Once you’ve decided to take advantage of the GPU sitting in your machine — or in the rack you’re renting — there’s a moment where the abstraction breaks down and you have to actually understand what’s happening on the device. CUDA is the platform that exposes that level. It’s been the dominant model for general-purpose GPU computing for over a decade, and it’s the substrate underneath every major deep-learning framework, every modern computer-graphics pipeline, and a lot of scientific computing besides.
This primer is the introduction I wish I’d had: deliberately operational, focused on the mental model and the practical performance concerns rather than the API surface. If you know C and you can describe what parallelism means in a sentence, you have the prerequisites.
What it covers
Twelve chapters, twelve interactive demonstrations, about thirty-five minutes to read carefully.
§I — Why a GPU at all. The architectural distinction. Throughput vs latency. When the GPU wins and when it doesn’t.

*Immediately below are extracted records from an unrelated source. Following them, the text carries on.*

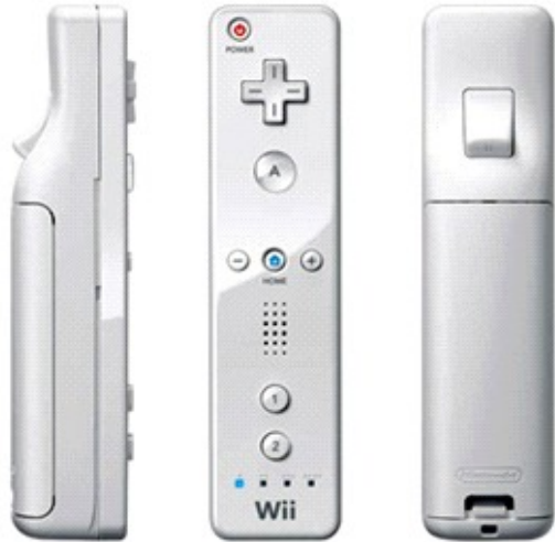
Figura 1: Il Wii Remote (Wiimote)

I led invece sono utilizzati per indicare il punteggio del giocatore e del robot, l'inizio e la fine di una partita.
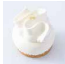
しらなみ 白波 - プロマージュ・パッションココロ - 692円(税込) 本体価格640円
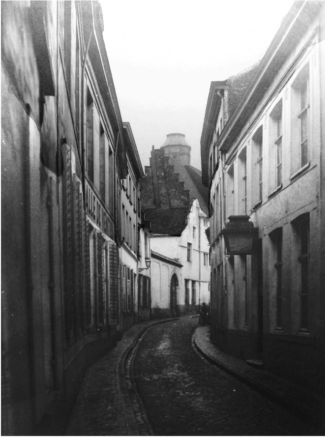
Afb. 1 De Regnessestraat vóór de afbraak. Vergelijk met volgende foto en neem het torentje als herkenningspunt.
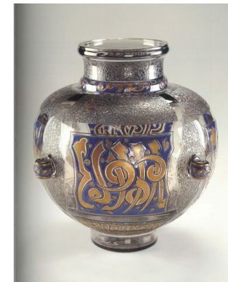
Émile Gallé, Vase Espoir , 1889.
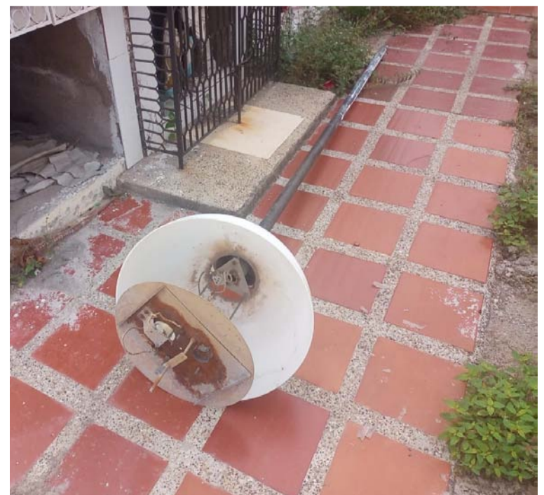
Los antisociales destruyeron y se robaron varios metros de cables de energía eléctrica y dañaron varias lámparas.
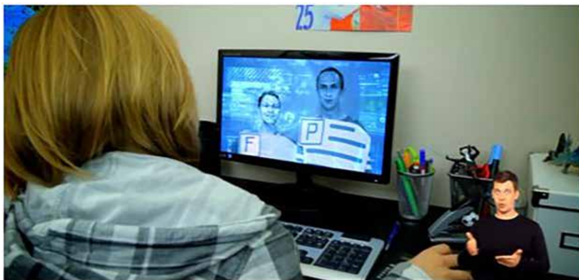
Rysunek 6. Kadr z filmu „Fajna zabawa, ale...”
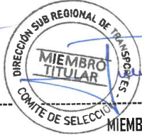
MIEMBRO TITULAR I
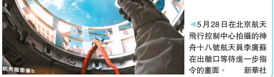
5月28日在北京航天飛行控制中心拍攝的神舟十八號航天員李廣蘇在出艙口等待進一步指令的畫面。
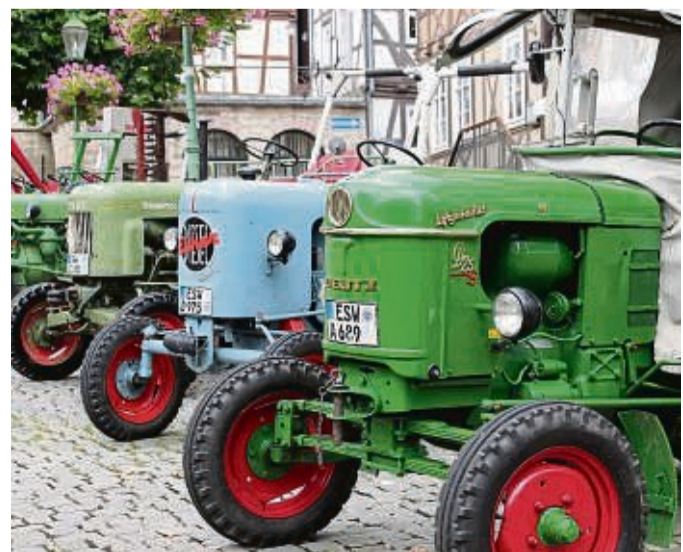
Am kommenden Sonntag findet der familienfreundliche Bauernmarkt wieder statt.
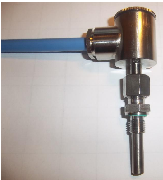
Рисунок 12 - Общий вид термопреобразователей сопротивления платиновых модели Ex2xx модификации Ex223
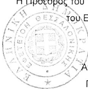
Αννα Μιχαλοπούλου Πρόεδρος Εφετών

Η Πρόεδρος του Τριμελούς Συμβουλίου Διεύθυνσης του Εφετείου Θεσσαλονίκης
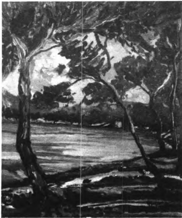
Detalle de la obra que realiza.

—Me gusta mucho pintar Pollença y todo su entorno. Me hace ilusión que la gente vea lo que
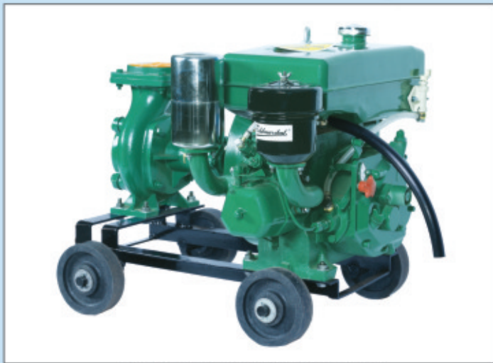
HORIZONTAL WATER COOLED PUMP SET

Direct Water Connection For Constant Cooling
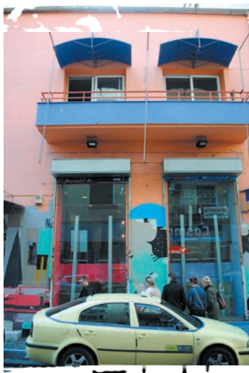
Det kommende Drop-In center i Athen, som snart forventes indviet.
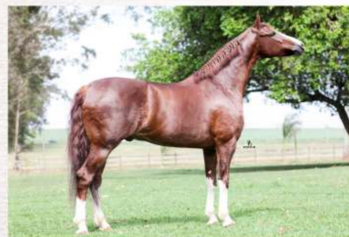
Luxo da Piratininga

A Agropecuária Sinhá Maria disponibilizará 50% (cinquenta por cento) das cotas da Cerimônia, sendo que o comprador terá direito de pista por 24 (vinte e quatro) meses consecutivos contados a partir da data do Leilão, ou seja, o último ano de carreira de potra ao cabresto e o primeiro ano como égua montada, retornando à vendedora após o término de 24 (vinte e quatro) meses da data de compra, sendo que, nos anos subsequentes, o local de alojamento será alternado a cada 12 (doze) meses entre vendedora e comprador.
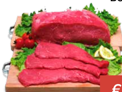
FETTINE SCELTE DI BOVINO ADULTO AL KG
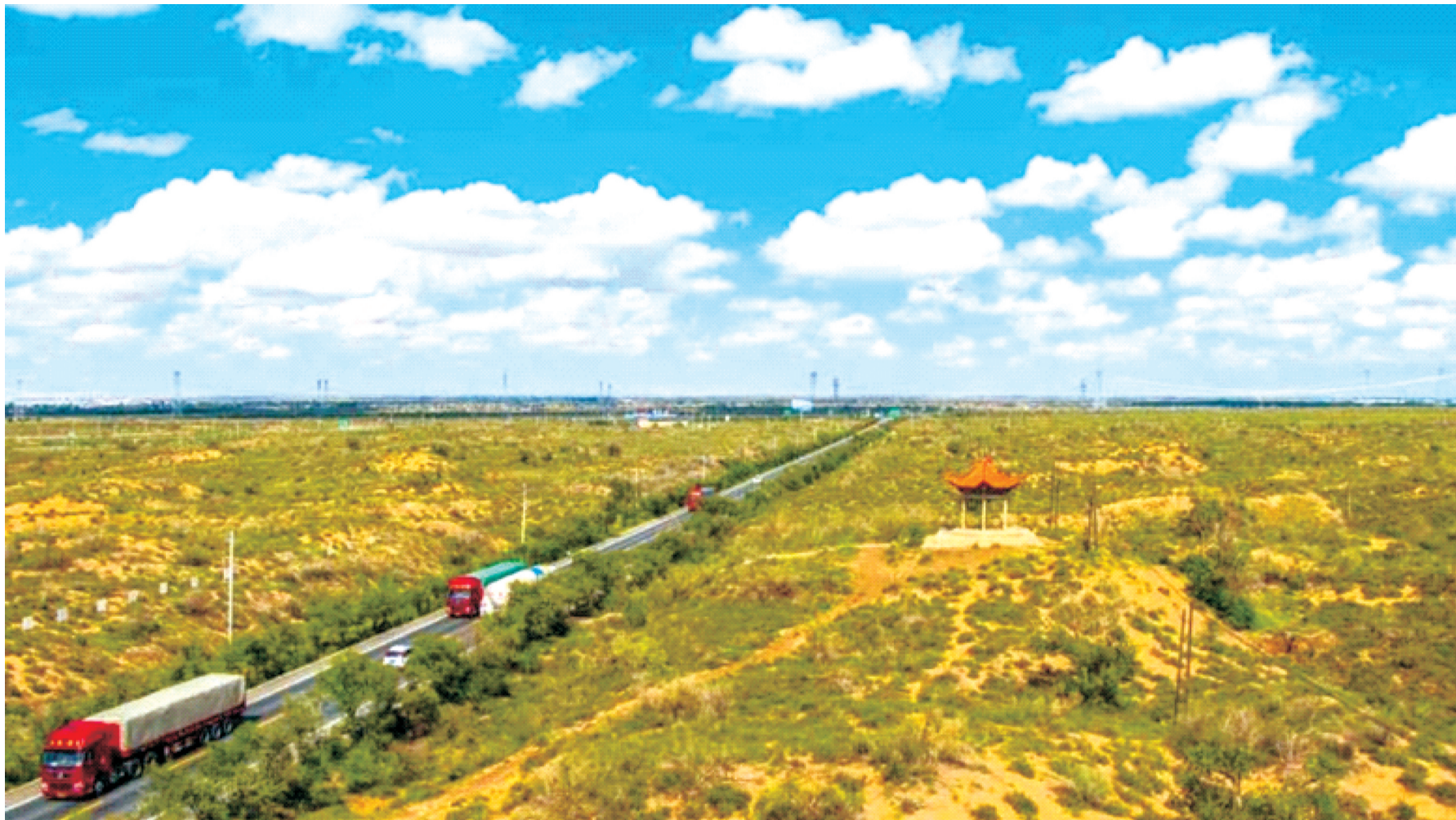
八步沙林场治理后的308省道及甘武铁路
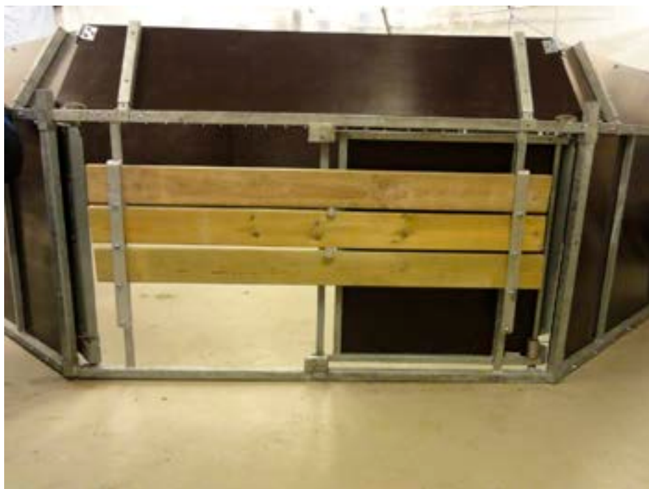
Figur 3. Ingångsöppning
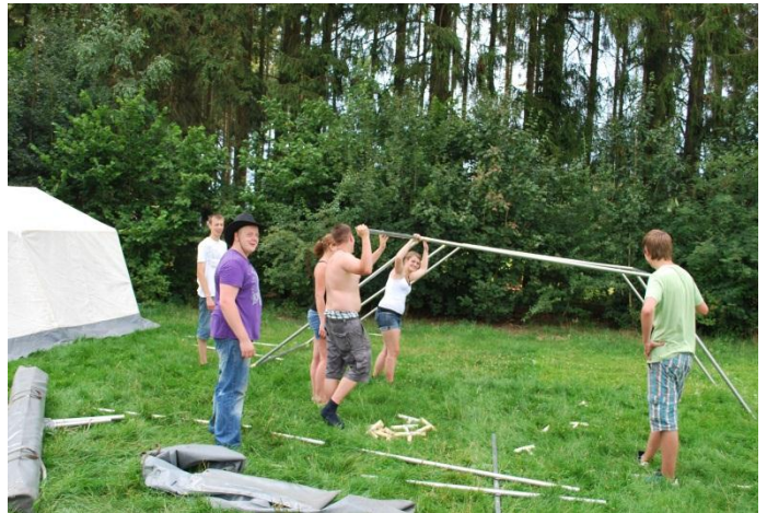
Arbeitsteilung: 2 arbeiten, 4 schauen zu

Besonders das Hochziehen des großen Essenzeltes samt Einrichtung und Musikanlage stellte dabei wie immer eine besondere Herausforderung dar. Mit wenig Routine, dafür aber mit viel Enthusiasmus und Muskelkraft konnte letzten Endes aber auch diese Mammutaufgabe zufriedenstellend beendet werden.
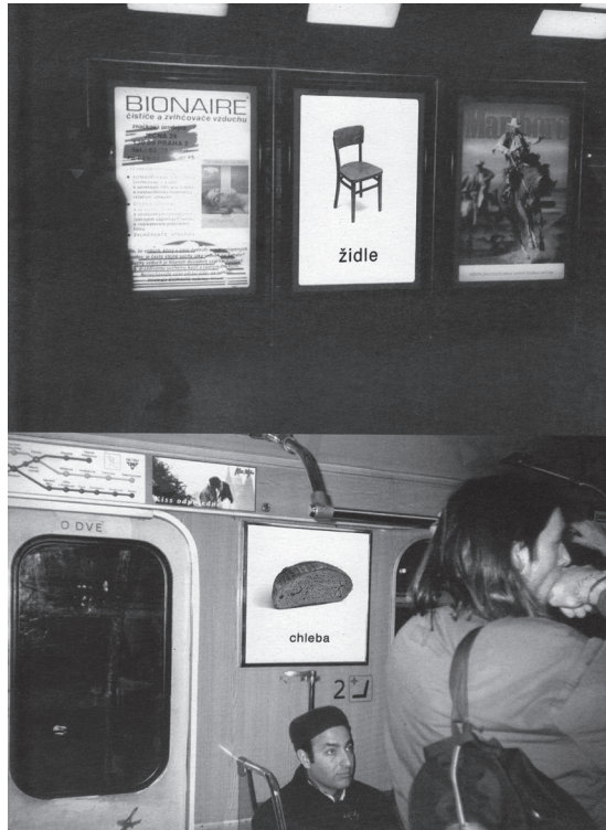
Tomáš POLCAR, Reklama , projekt prezentovaný na výstavě Umělecké dílo ve veřejném prostoru , kurátor Ludvík Hlaváček, Praha: Národní galerie 1997, světelné skříně, billboardy a reklama ve vagoncích metra a na jiných místech Prahy

§II — The mental model. SIMT. The hierarchy from device → kernel → block → thread. The single picture that makes everything else make sense.
§III — The thread hierarchy. Grids, blocks, threads. The dimensions and indexing scheme. How to map a problem onto this structure.
§IV — A first kernel. The “hello world” — vector addition. Launch syntax, kernel function, device pointers, memory transfer.
§V — The memory hierarchy. Global, shared, constant, texture, registers. The throughput differences. Why this matters more than anything else for performance.
§VI — Warps and SIMT execution. What “32 threads execute together” means. Warp divergence and its cost.
§VII — Memory coalescing. The single most important optimization. Why thread-stride matters more than algorithmic cleverness for most kernels.
§VIII — Shared memory and tiling. The pattern that turns memory-bound kernels into compute-bound kernels. The matrix multiplication classic.
§IX–XII — The rest of the working toolkit. Streams. Atomics. Reductions. cuBLAS / cuDNN / Thrust. The CUDA ecosystem beyond hand-written kernels.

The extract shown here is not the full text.